Right now, however, Iran has Obama over a barrel. It can comply with the agreement as it understands it to be while the president silently respects the breech or the White House, much as it has done when contentious points have been raised against the health care law, can find a way to issue a waiver, an exemption, or provide some other way to smooth over the disagreement without opening up a can of worms. This is a dangerous kind of diplomacy, one that will only embolden the Iranians to demand more from the western powers and China when it comes time to renegotiate the deal.
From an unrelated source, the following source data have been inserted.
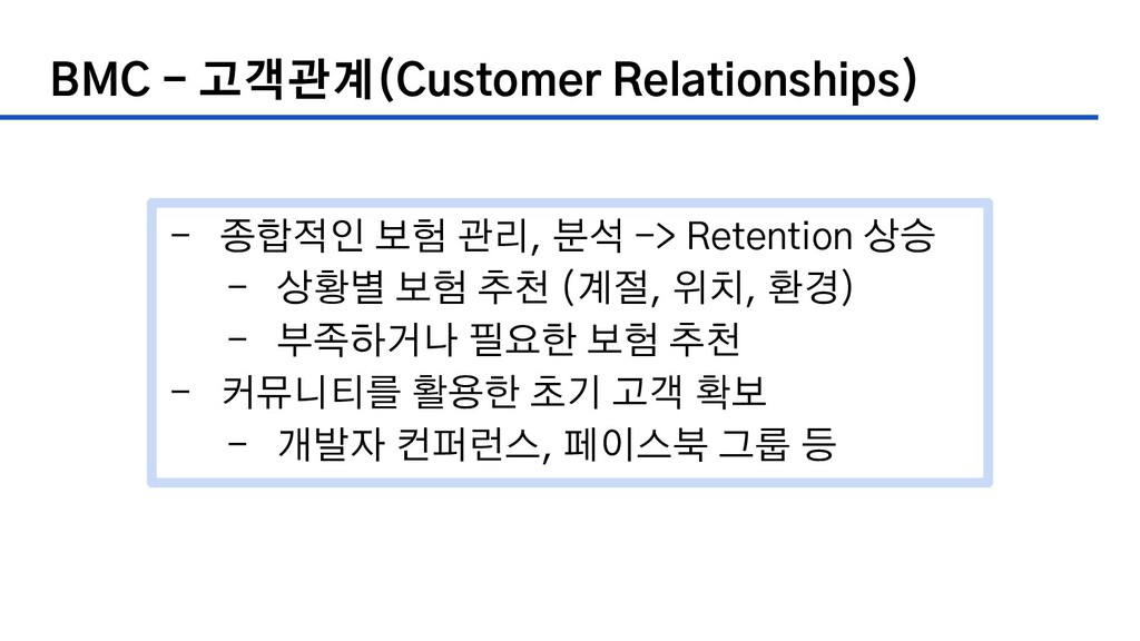 Retention 상승 - 상황별 보험 추천 (계절, 위치, 환경) - 부족하거나 필요한 보험 추천 - 커뮤니티를 활용한 초기 고객 확보 - 개발자 컨퍼런스, 페이스북 그룹 등
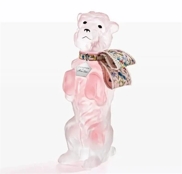 瓶身设计耗时 15 小时完成,由手工完成,堪称工艺杰作。Bobby胸前的闪亮奖章饰有“Miss Dior”标志,增添了特别的触感。香水瓶中充满了“ Miss Dior Eau de Parfum ”的香味,其特点是淡粉色。Flower Note 融合了优雅的玫瑰、高贵的鸢尾花和迷人的牡丹,营造出一种迷人的香味,就像一束万朵鲜花。
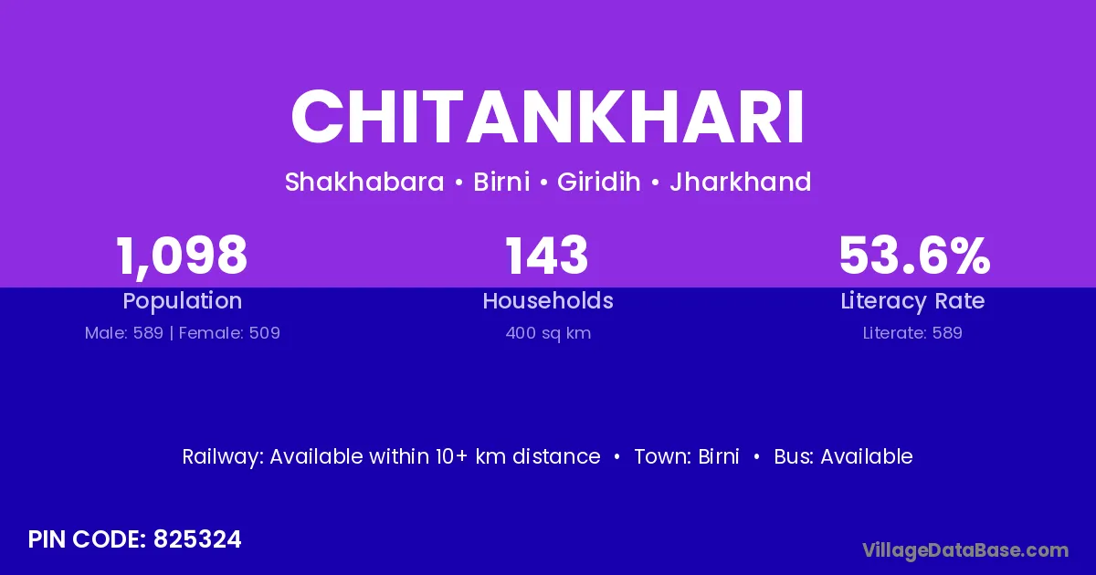 Chitankhari village has a total population of 1,098 people, of which 589 are males and 509 are females.

In sum what was a bad idea conceptually has quickly devolved into a pact that will be difficult if not impossible to implement because the parties involved do not agree what it is they agreed to. At one level its farce; at another it is a serious threat to U.S. diplomacy and America's allies in the region. It has harmed our relations with the Saudis, Israel feels – and probably rightly so – that it leaves them uncomfortably exposed, and it reinforces Obama's international reputation for being a soft touch and a weak ally. Better to walk away now, while Iran still has an incentive to come back to the table and renegotiate – and $7 billion is a powerful incentive – than to paper over the difference and hope they will not matter in the future. To strike out on the latter path is to lay down a sucker's bet.